REQUIRED ACTION: Copy out exactly, and only, the lines from the one containing "위 사진은 등록면허세" through the end of the entries. No pictures.

SUPPLIED RECORDS:
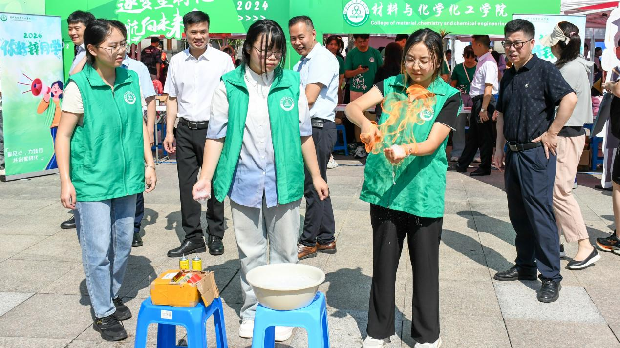 更令人惊喜的是,贵之烯化学研究社还带来了化学实验展示表演,既科学又充满趣味,展示出化学的魅力。
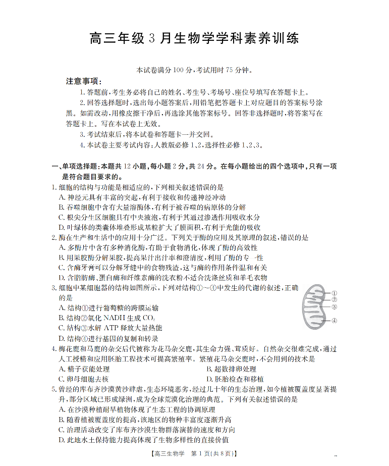 江西省2026届高三年级3月学科素养训练 生物.pdf
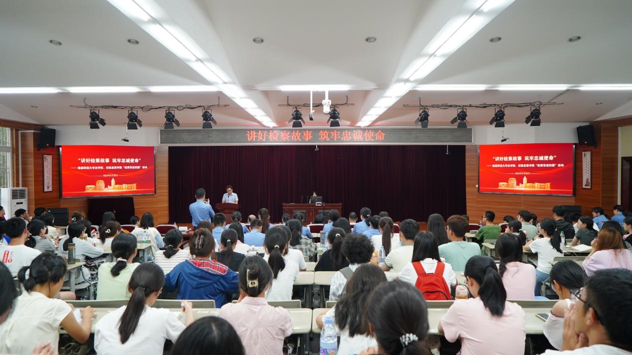 9月26日,法学院、纪检监察学院在旗山校区模拟法庭开展以“讲好检察故事筑牢忠诚使命”为主题的“检察官进校园”活动。福州铁路运输检察院检察长钟凌艳、副检察长李沣、检委会专职委员陈翔,法学院党委书记盛子同、院长杨垠红、副书记汪启思,以及“青言号”法治宣讲团干警、新生等200多人参加。活动由汪启思主持。
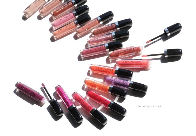 For summer Marc Jacobs Beauty has launched a new lip gloss formula called the Enamored Hi-Shine Lip Lacquer ($28 each for 5 ml/0.16 fl oz). There are 18 shades of high-shine lip gloss that come in a wide range of colors from soft nudes, feminine pinks, plums, corals and bolder reds. The textures range from jelly, to cream, to shimmer – all with a smooth lush cushiony gloss feel. In terms of pigment, most of the colors offer sheer to medium coverage. Some you can wear alone while others are best used for high shine or to layer over lipstick. There is a subtle sweet minty scent to the glosses which have a cooling (but not tingling) feel on the lips. The Enamored Lip Lacquers are infused with apricot and passionfruit and feel ultra hydrating and smooth once applied. I’ve teamed up with Marc Jacobs Beauty to share all 18 colors with you today.
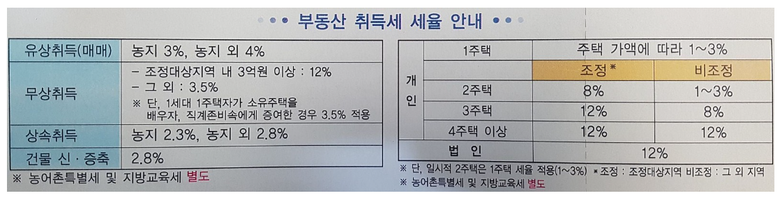 위 사진은 등록면허세 납부서 겸 영수증 뒷면인데, 부동산 취득세 세율이 안내되어 있네요. 개인 명의의 주택은 4 주택 이상일 시 비조정 지역도 취득세가 12%이고, 법인은 12%로 고정입니다. 거기에 농어촌 특별세 및 지방교육세는 별도입니다. 부동산에 대한 취득세 부담이 심하여 요즘에는 주택투자를 많이 꺼리는 것 같고, 대출금리 상승 등이 동반되어 집값이 많이 떨어지고 있습니다. 무조건 아파트 분양받기만 하면 부자가 될 것 같았던 2020~2022년 부동산 가격 폭등기가 엊그제 같은데, 지금은 거래자체가 많지 않고 공인중개사도 상당수가 폐업한다는 언론기사가 나오고 있습니다. 정말 투자는 쉽지 않다는 것을 경험으로써 배우고 있네요.
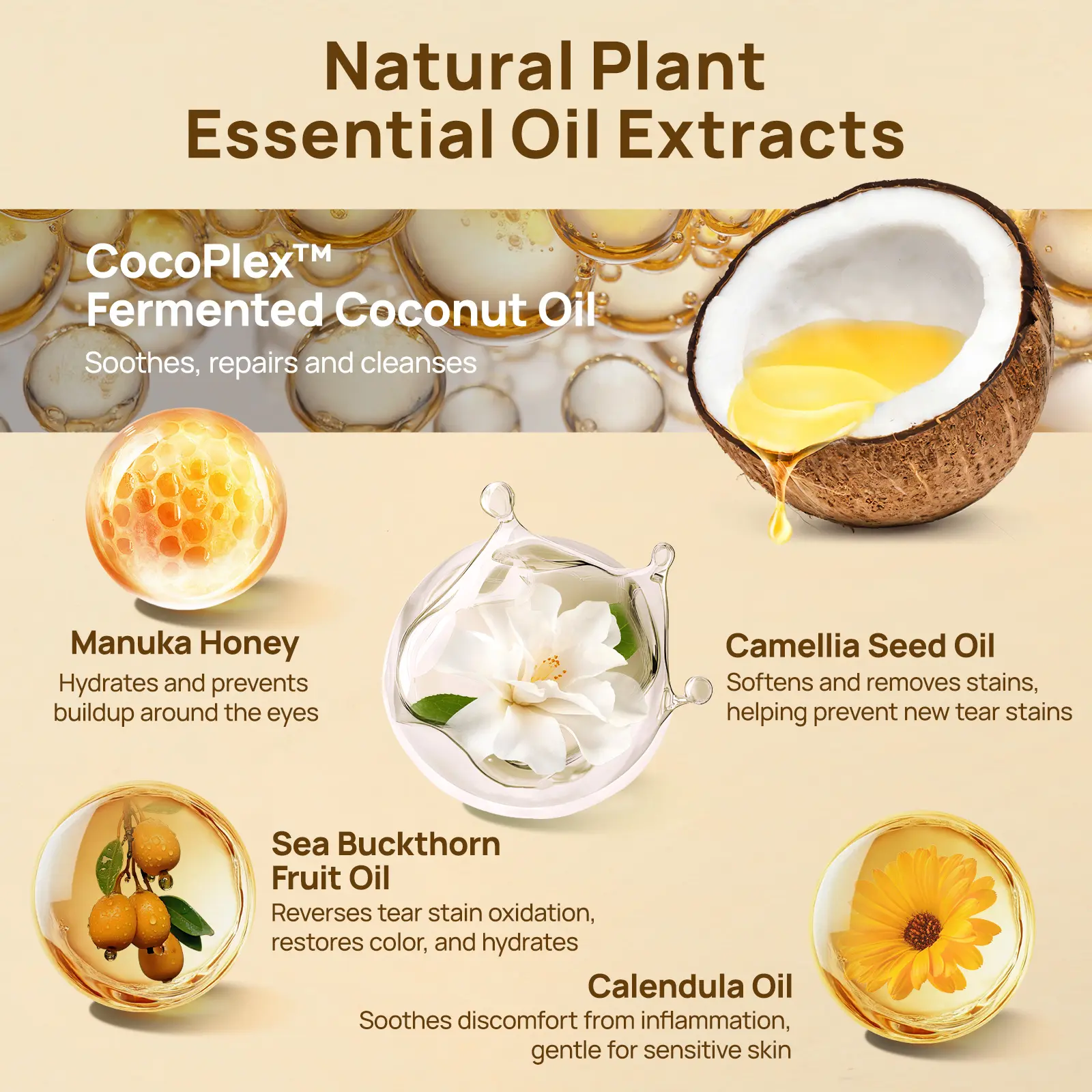 ·Infused with CocoPlex Fermented Coconut Oil and Calendula Officinalis Flower Oil, it cleanses, soothes, and hydrates the area around your pet's eyes for a brighter, healthier look.

TASK RESPONSE:
 위 사진은 등록면허세 납부서 겸 영수증 뒷면인데, 부동산 취득세 세율이 안내되어 있네요. 개인 명의의 주택은 4 주택 이상일 시 비조정 지역도 취득세가 12%이고, 법인은 12%로 고정입니다. 거기에 농어촌 특별세 및 지방교육세는 별도입니다. 부동산에 대한 취득세 부담이 심하여 요즘에는 주택투자를 많이 꺼리는 것 같고, 대출금리 상승 등이 동반되어 집값이 많이 떨어지고 있습니다. 무조건 아파트 분양받기만 하면 부자가 될 것 같았던 2020~2022년 부동산 가격 폭등기가 엊그제 같은데, 지금은 거래자체가 많지 않고 공인중개사도 상당수가 폐업한다는 언론기사가 나오고 있습니다. 정말 투자는 쉽지 않다는 것을 경험으로써 배우고 있네요.
 ·Infused with CocoPlex Fermented Coconut Oil and Calendula Officinalis Flower Oil, it cleanses, soothes, and hydrates the area around your pet's eyes for a brighter, healthier look.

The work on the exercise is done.